También ella sudaba, ella que no se había cansado de proclamar a todas horas con un deje de superioridad en la voz y en el gesto que ni siquiera sudaba en la sauna, indicando con ello que aunque su deseo habría sido sudar como los demás, la naturaleza, su propia naturaleza, no le había otorgado ese don plebeyo. En aquel momento las gotas que brotaban en la superficie de la piel y estallaban en minúsculos puntitos brillantes en todo el cuerpo le daban un aspecto agotado y deshidratado.

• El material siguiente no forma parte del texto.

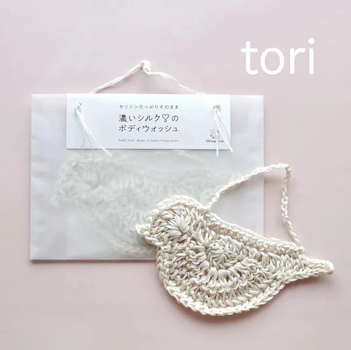 お風呂時間に、毎日の手洗いに! 絹の成分 ”セリシン” がたっぷりのボディウォッシュ。 <鳥 tori>は洗面所やお風呂に吊るして癒される時間を与えてくれるようなデザイン。 【使用方法】 普段お使いの石鹸やボディソープとともにお使いください。使用後はよく洗って絞って、吊るして乾かしてください。時々、洗濯して天日干しするのがおすすめです。素材は天然の素材のみで作られています。防かび剤などの化学物質は一切使用しておりません。 【商品の特徴やものづくり背景】 京都、丹後、創業100年の高級和装織物の丹後ちりめんをつくる工場での製造過程で絹の原料の蚕、繭にもともとついているセリシンという美肌成分を、加工により充分に引き出して糸をつくっています。セリシンを残したままで作られた糸、というのが商品の最大の特徴で、他社ではできない技術。もちろんシルク100%、天然素材そのまま、シルクは人間の肌と同じタンパク質からできています。商品は、編み物が得意な丹後在住の高齢者の方が一つ一つ編んでいます。触るとセリシンの風合いでシャリシャリしていますが、お湯につけると柔らかくなります。繭から引き出した極細のシルクの糸が150本あまり束ねられているので、泡立ちもよく、繊維が肌の細かい部分に行き届き、角質を落とします。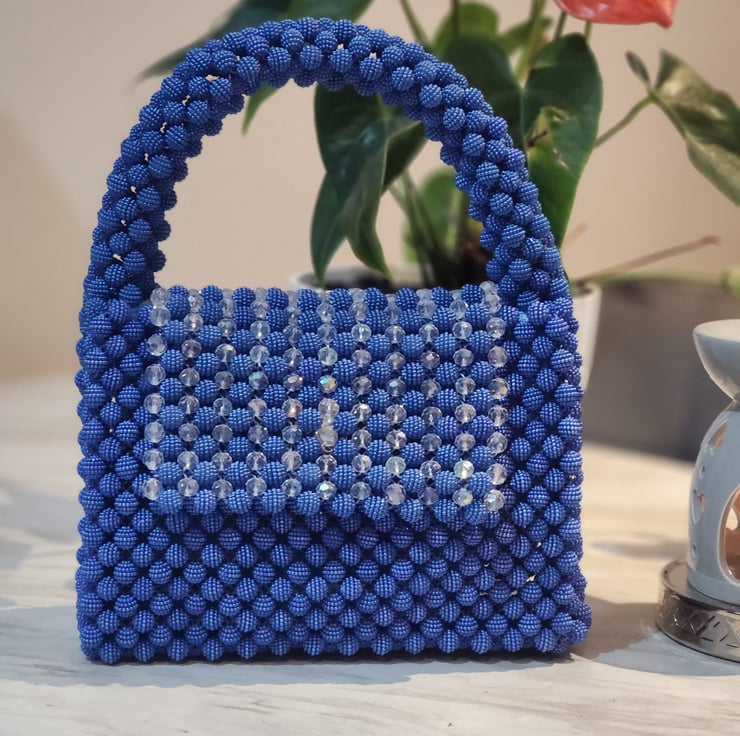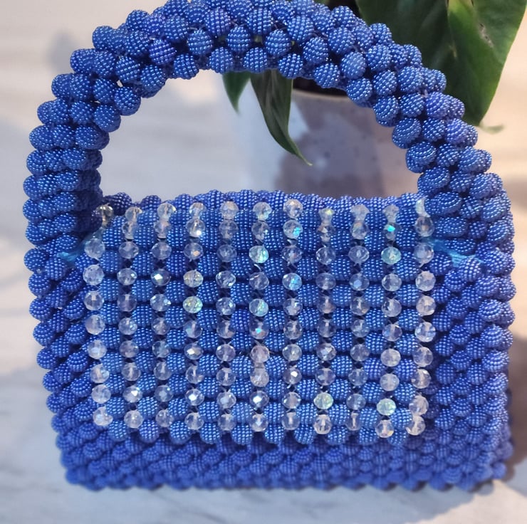 Blue handmade beaded handbag with a soft velvet blue inner lining.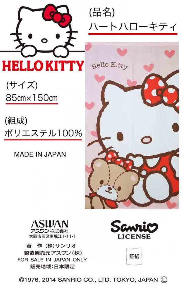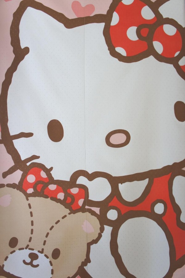 40周年を迎えた大人気のキャラクター!キティちゃんでお部屋をかわいく飾れます♪のれんとしてはもちろんですが、壁に飾ってポスター感覚で使用してもオシャレです。少々透け感のある生地にプリントをし、お部屋の雰囲気を崩さないような仕上げに致しました。 |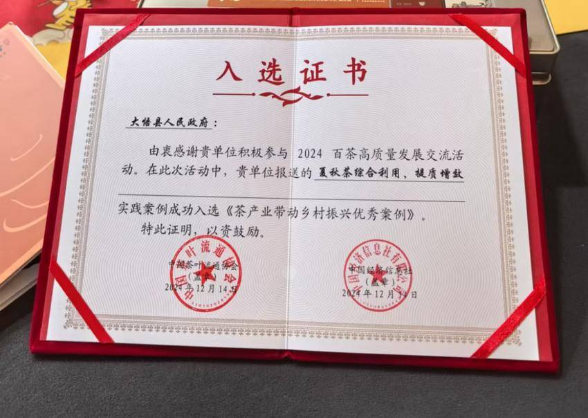荊楚網(湖北日報網)訊(通訊員 易榮波、李怡、祁玉勇)12月14日,“百茶共茗·茶都有戲”2024百茶百戲文化周暨百茶高質量發展交流活動在福建省泉州市安溪縣舉行。活動中發布百茶高質量評選結果,大悟雙福山黃茶“夏秋茶綜合利用與提質增效”實踐案例榮獲“茶產業帶動鄉村振興優秀案例”。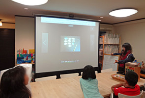 新しいカリキュラム、つりゲーム(まだいいネーミングが思いつきません)をはじめました。まずはゆっこさんからレクチャーです。スクリーンの配置を変えてとても見やすくなりました。つりといっても魚と決まったわけではありません。何をつるのか?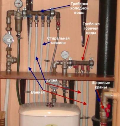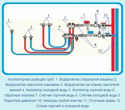 1) Коллекторная схема сантехнической разводки (каждая труба подключается отдельно к приборам)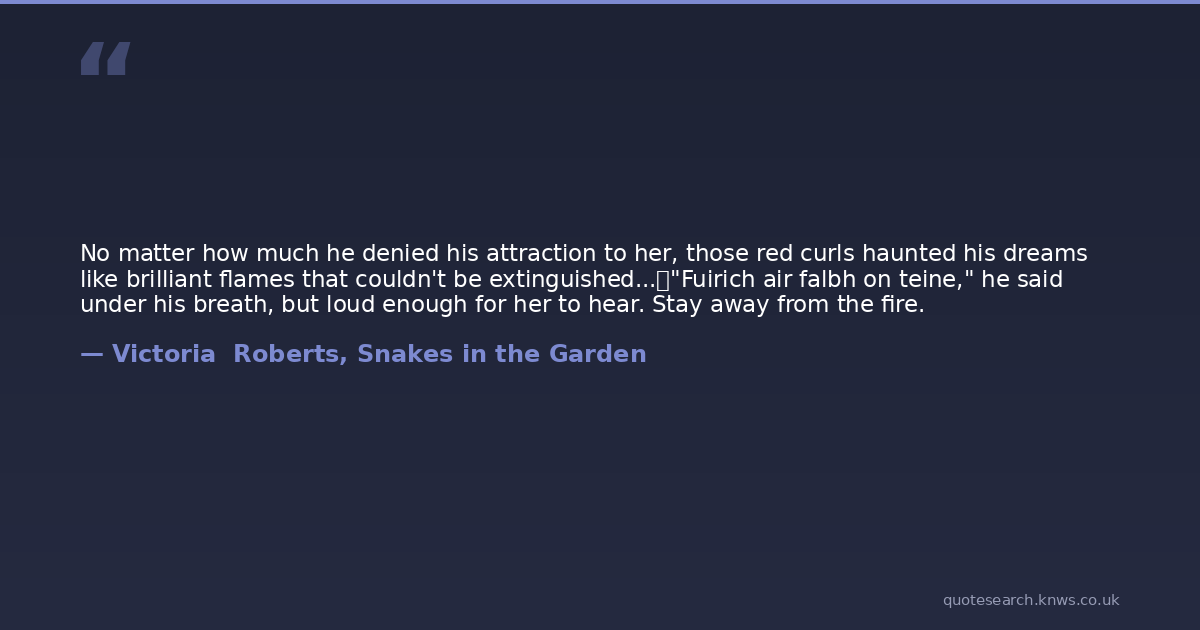 No matter how much he denied his attraction to her, those red curls haunted his dreams like brilliant flames that couldn't be extinguished... "Fuirich air falbh on teine," he said under his breath, but loud enough for her to hear. Stay away from the fire.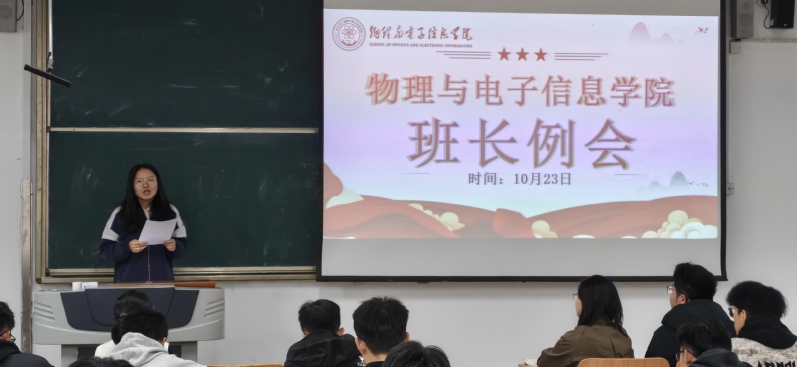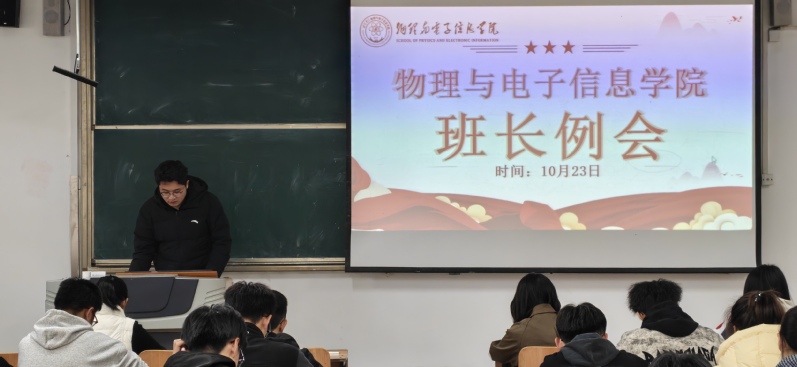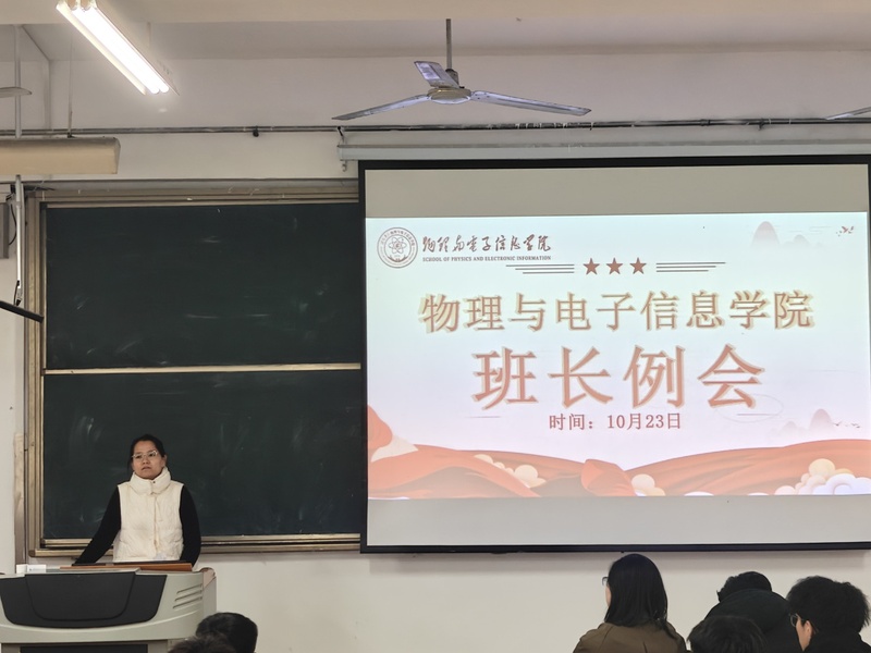 为锚定新学期班级管理核心方向、夯实学风建设根基,物电学院于10月23 日下午在天一楼7108教室召开新学期首次班长例会。学生工作办公室副主任王树森、辅导员刘超、学生会等团学组织主席团代表,以及2023级、2024级、2025级全体班长出席会议。

El sol había llegado a su cénit y a medida que se acercaban a tierra, la sombra de la roca como un filtro monumental y mágico teñía de color una exigua franja del puerto y daba forma y definición a la primera hilera de casas de paredes pintadas de azul y ocre. Y apareció la pequeña plazoleta que se había hecho un lugar entre ellas con las dos hileras de escuálidas y polvorientas moreras cubiertas apenas de hojas resecas y tostadas, y las dos mesas vacías frente al café cerrado aún y desierto, como todo el pueblo que pese a haber quedado en parte sumergido en la sombra hervía aún por la solana del día. Nadie había en el muelle salvo dos hombres inmóviles de pie junto al agua que parecían esperar la llegada de la barca y de su trofeo. Puertas y ventanas estaban cerradas, no corría el aire, no se oían voces, no había gatos, ni perros, ni niños, ni casi ruidos, ni volaban las gaviotas en la asfixia del mediodía. El tiempo se había detenido y el mundo con él y únicamente la silenciosa caravana se movía en ese lugar vencido.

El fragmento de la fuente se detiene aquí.